Trial Waste in Hyaluronic Acid-Related Randomised Controlled Trials.

Abstract

Background: A notable obstacle in applying the findings of hyaluronic acid (HA)-related randomised controlled trials (RCTs) to real-world patient treatment is trial waste (TW). To date, the extent of TW in RCTs for HA is not clear.

Objectives: To analyse the extents of TW within HA-RCTs and identify protective factors against TW.

Methods: In July 2024, we searched the ClinicalTrials database using the 'hyaluronic acid' as keyword. We documented the data available and then explored PubMed and Scopus for the publication status. Reporting adequacy was evaluated using the CONSORT checklist. Design limitations were analysed based on bias risk and whether the article referenced a relevant systematic review. Subsequently, we evaluated extent of TW (unpublished studies, insufficient reporting and design flaws).

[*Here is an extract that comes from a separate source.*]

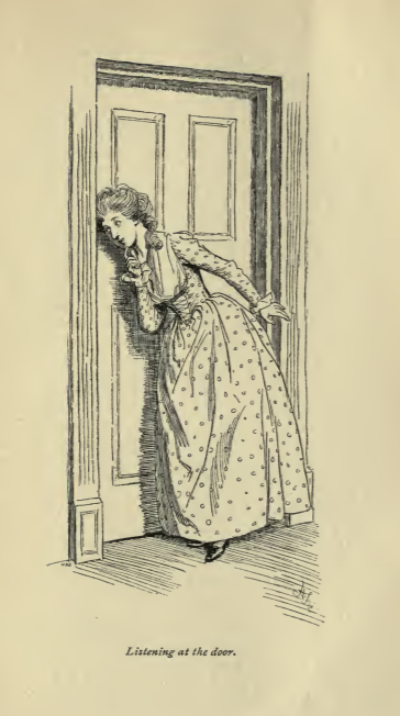 In this image Anne Steele listens at the door while Lucy and Edward were discussing their engagement. Anne reiterates what he heard at the door to Elinor while on a walk in Hyde Park. Elinor wondered how she knew everything and asked if she was in the room while they discussed their plans. She said she was listening at the door and Elinor was appalled at the impropriety of this. This scene occurs in chapter 38. The characters are shown in the traditional regency style. Anne Steele wears a regency style dress with an empire waistline. The regency period dated to the early nineteenth century (1811-1820) when George, Prince of Wales, later George IV (r. 1820-1830), reigned as regent for his mentally ill father, King George III (r. 1760-1820). The regency period is associated with the rise of neoclassicism in art and fashion.

Results: One hundred and eighty-four RCTs met the inclusion criteria. The analysis of TW excluded 53 RCTs completed after June 2020 that remained unpublished. Among the remaining 131 RCTs, 72 were published, 47 had adequate reporting and 19 had design limitations. Taken together, 96 RCTs (73.3%) exhibited at least one characteristic of TW. Characteristics of these RCTs included early registration (p < 0.001) and the absence of a multi-blind approach (p = 0.007). Registration prior to 2014 (p < 0.001) and the open-label or single-blinding design (p = 0.003) emerged as independent risk factor for TW.

Conclusion: We delineated the features of 184 HA-related RCTs. 73.3% of the RCTs included in TW analysis exhibited TW. The diverse traits of the different TW indicators identified could serve as valuable insights for conducting future HA-RCTs more rationally and efficiently.